(February 18, 2022 at 9:32 pm)Belacqua Wrote:(February 18, 2022 at 2:03 pm)LadyForCamus Wrote: Saying “You haven’t provided sufficient evidence or sound reason to convince me your claim is true,” is a perfectly sufficient reason to withhold belief in that claim, at least tentatively. Though the person rejecting the reasoning used to support the claim is still responsible for explaining why the claimant’s reasoning is fallacious, because logic can be objectively assessed and critiqued. In other words, if someone puts forth a cosmological argument, and the respondent says, “nope. That argument is fallacious.” or “the premises are false.” then they haven’t yet done the work of supporting and justifying those counter-claims. And others of us enjoy a more in-depth discourse on the subject of metaphysics, beyond simply, “I’m not convinced, so I’m done thinking about it.” I don’t see anything wrong with that.
This is all very well said, I think! Thank you for posting it.
(It's pretty much what I've been saying, but since you're much nicer than I am people are more likely to read it with an open mind.)
It allows dialogue. So “You haven’t provided sufficient evidence or sound reason" is perfectly fair, and allows the person making the claim to explore what "sufficient evidence" or a "sound reason" might look like to the respondent.
We saw earlier someone making two claims: 1) there is no empirical evidence for God, and 2) we should not believe in things for which there is no empirical evidence.
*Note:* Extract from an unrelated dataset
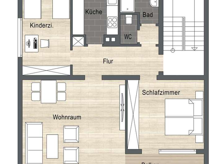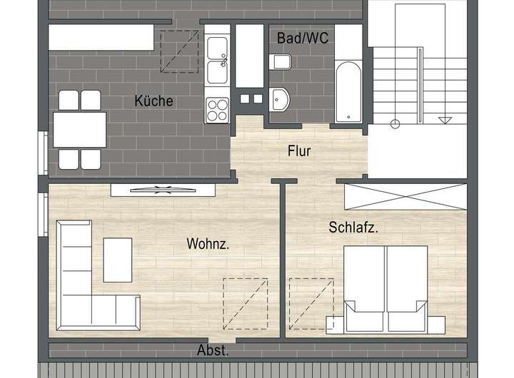 Das Gebäude besteht aus 2 gleich geschnittenen 3,5 Zimmer-Wohnungen und einer 2 Zimmer-Wohnung im DG.

If people were inclined, this is a very reasonable way to begin a discussion of classical theism, which of course never claimed that God would be some sort of physical object accessible to the senses. Since Plato, God is much more like Justice, or Mercy. Or numbers. These are things we don't sense, but can know of in the mind since we extrapolate their existence from actions and objects in the world.
I know that most people here won't accept this argument either, but it shows how, when someone presents his reasons, discussion is possible.
Just so that we are clear, the Greeks were pagans (that is, polytheistic), and if you read Homer, the gods were constantly intervening in the affairs of we mortals; that's what the Greeks, Plato included, believed, Romans, too.